[HN Gopher] Track HN: Survival Rate of Show HN Stories
       ___________________________________________________________________
        
       Track HN: Survival Rate of Show HN Stories
        
       Author : namiwang
       Score  : 126 points
       Date   : 2023-06-13 17:25 UTC (5 hours ago)
        
 (HTM) web link (nami.land)
 (TXT) w3m dump (nami.land)
        
       | gkoberger wrote:
       | I'm happy to say that the reports of my death here are greatly
       | exaggerated :)
       | 
       | I'm the owner of both #4 and #140 on the Top-scoring Show HN
       | Stories that Didn't Survive... but both are very much alive!
       | 
       | #4 StackSort was a Github.com page, but on 2021 they made it so
       | only Github.io wroks. If dang sees this, I'd really appreciate if
       | you could change the URL for
       | https://news.ycombinator.com/item?id=5395463 to use github.io!
       | 
       | #140 ReadMe has the same io/com issue, in the opposite direction!

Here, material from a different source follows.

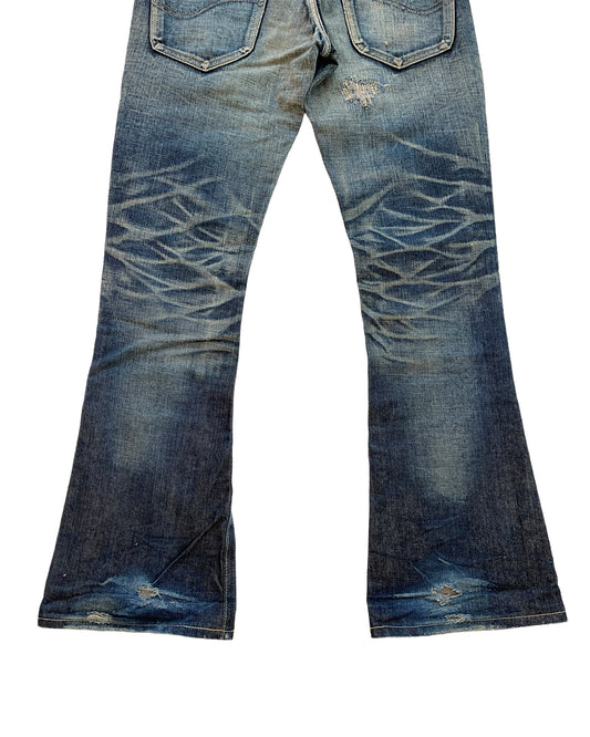 2000s Led Rechwe x Lee Riders Distressed Repair Flare Denim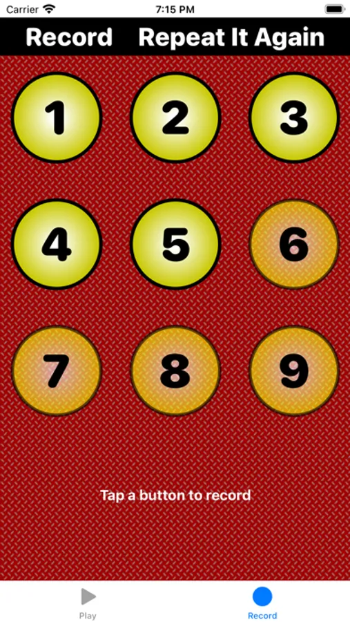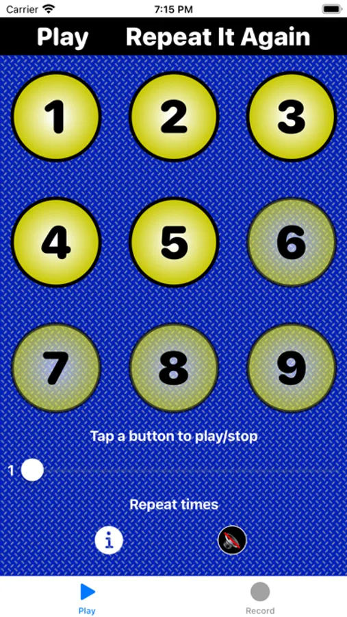 • Play tab: Play recordings the selected number of times. Tap to start, tap again to stop. Bright buttons have been recorded. Dim buttons have not been recorded.

       | we redirect readme.io to readme.com now, which seems to be why
       | it's flagged.
        
         | codetrotter wrote:
         | The main page https://gkoberger.github.io/ that the
         | https://gkoberger.github.com/ link suggests going to gives a
         | 404 as well. Could be a good idea to add a main page for
         | https://gkoberger.github.io/ that links the StackSort page and
         | anything else
        
         | 12907835202 wrote:
         | How on earth did you get readme.com?
         | 
         | I'm assuming someone else owned it, whenever I see that and all
         | the "make an offer" links I move on and ignore it. Was the
         | process easy?
        
       | AndrewKemendo wrote:
       | I am also, along with gkoberger happy to say that we didn't die
       | after our Show HN (Show HN: A Covid-19 testing location site that
       | a group of us are building)
       | 
       | https://news.ycombinator.com/item?id=22650725
       | 
       | In fact we were so successful that we were able to shut it down
       | less than a year after we started (It's on the list as a very
       | reasonable Type II error ;))
       | 
       | Thanks to the HN community for helping us get an amazing
       | Temporary product out and shut down successfully
        
       | karaterobot wrote:
       | I know you mention there are lots of reasons for false positives
       | and negatives, but does your methodology account for length of
       | time at all? Meaning, if a project was posted to HN in 2009, it
       | could have been successful for 14 years and then closed down, or
       | just changed URLs somewhere along the way, and in that case it
       | would be counted as a failure even though it wasn't. Likewise, if
       | it was posted in May, 2023 and is still around, that doesn't mean
       | much because it's still flying the Grand Opening banner,
       | practically.
        
         | h0l0cube wrote:
         | Exactly. Some of these graphs are really flawed. Like the
         | heatmap for the top 1% which pretty much mirrors the submission
         | heatmap. I want to see what _portion_ of submissions _for that
         | time slot_ reached 1%, not of all submissions. There could be
         | time slots that perform exceedingly well outside of popular
         | times.
        
       | billllll wrote:
       | I'd love to get some correlation with rank, or even filtering of
       | lower scoring posts.
       | 
       | From what I know, HN posts are often used as a signal for
       | viability of a project. In that case, you can't make a conclusion
       | on the effectiveness of Show HN posts, because some of them will
       | die off by design.
        
       | reaperman wrote:
       | > Extra: ChatGPT Gave a Wrong RegexPermalink I consulted ChatGPT
       | for a regex to extract domains from urls, and it gave a flawed
       | one:
       | 
       | ^(?:https?:\/\/)?(?:[^@\n]+@)?(?:www\\.)?([^:\/\n?]+).
       | 
       | It even gave reasonable detailed explanations which convinced me.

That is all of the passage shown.